Re: [htdig] htdig program hangs on one particular URL


Dan Dexter (ddexter@lincom-asg.com)
Mon, 15 Mar 1999 15:27:11 -0600


At 02:16 PM 3/11/99 -0600, Gilles Detillieux wrote:
>According to Dan Dexter:
>> I created an configuration file that would index only that one URL
>> and the htdig program still freezes with no core dump. I used -vvvvvvv as
>> you suggested and got the following output with the cursor just siting on
>> a line by its self at the end of these verbose comments:
>>
>> Header line: HTTP/1.1 200 OK
>> Header line: Date: Thu, 11 Mar 1999 03:56:27 GMT
>> Header line: Server: Apache/1.3.0 (Unix)
>> Header line: Last-Modified: Tue, 06 Oct 1998 15:28:01 GMT
>> Translated Tue, 06 Oct 1998 15:28:01 GMT to Tue, 06 Oct 1998 15:28:01 (98)
>> And converted to Tue, 06 Oct 1998 15:28:01
>> Header line: ETag: "7068f-da0-361a3701"
>> Header line: Accept-Ranges: bytes
>> Header line: Content-Length: 3488
>> Header line: Connection: close
>> Header line: Content-Type: text/html
>> Header line:
>> returnStatus = 0
>> Read 3488 from document
>> Read a total of 3488 bytes
>> Tag: HTML>, matched -1
>> Tag: HEAD>, matched -1
>> Tag: META name=description content=NASA/JSC Inspection98 Johnson Space
>> Centerís
>> Student Development Programs>, matched 20
>>
>> It looks like it is hanging on the second META tag.
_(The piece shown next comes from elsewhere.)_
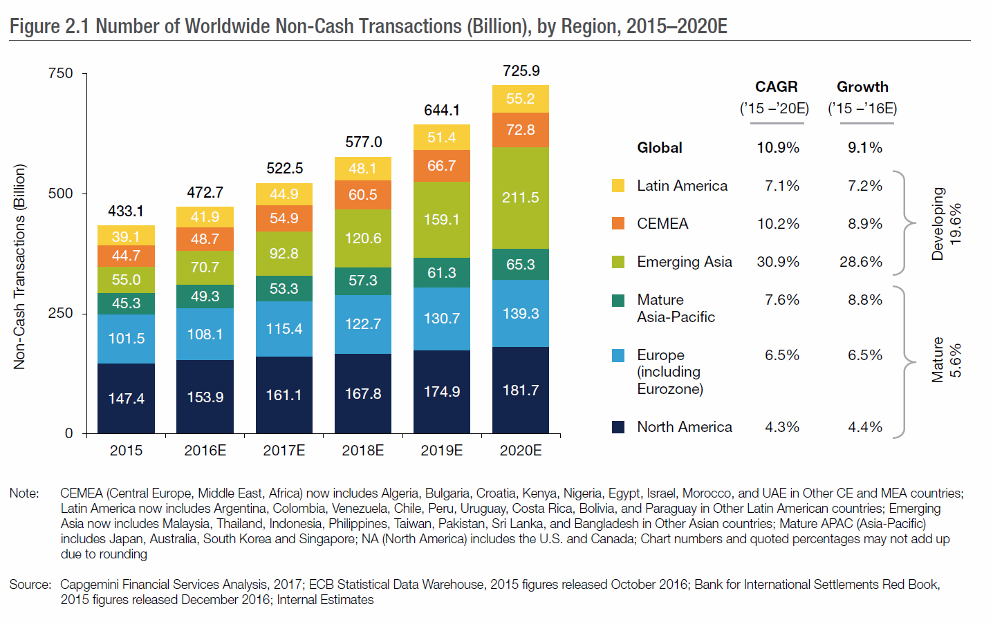 According to the World Payments Report, global non-cash transaction volumes grew 11.2% during 2014–2015 to reach 433.1 billion, the highest growth of the past decade, and slightly above last year’s prediction. Two regions fuelled this increase: Emerging Asia with a growth rate of 43.4% and CEMEA (Central Europe, Middle East, and Africa), with 16.4% growth.

As you have
noticed, the
>> META tags do not use quotes around the content field which I believe is
what
>> is causing the htdig program to hang.
>
>Well, if it gets past the first META tag, it should also output these lines:
>
>META Description: NASA/JSC
>meta description: NASA/JSC
>word: NASA/JSC@1
>
>and possibly the "Tag:" line for the next meta tag, which it outputs
>before it begins processing it. I have another hunch, which you might be
>able to confirm by getting a core dump when the program hangs, and doing
>a backtrace in the debugger. You can usually get a core dump by using
>Ctrl-\, or whatever character on your system generates a QUIT signal.
>
>I think it's hanging on the first meta tag, with name=description.
>
>My hunch is that on your system, the isalnum() function, called
>from Configuration::Add(), does not recognise the ISO-8859-1 i-acute
>character in Centerís as alphanumeric, but isalpha() does recognise
>it as alphabetic. This would cause Configuration::Add() to go into an
>infinite loop, and it's about the only thing I can find that would cause
>the behaviour you describe. (I know that in this document, the í is
>supposed to be an apostrophe, but that doesn't mean it'll be interpreted
>that way - it depends on the character set selected by htdig's locale.)
>
>If this is indeed what's happening, the isalnum(*str) in that function
>should be changed to isalpha(*str) || isdigit(*str) to ensure consistency.

Gilles,

I upgraded to htDig 3.1.1 and still had the problem described above.
My computer is a production machine and so it does not have gdb on
it. So I tried changing isalnum(*str) to isalpha(*str) || isdigit(*str) as
you
suggested and this fixed the problem of htdig hanging completely.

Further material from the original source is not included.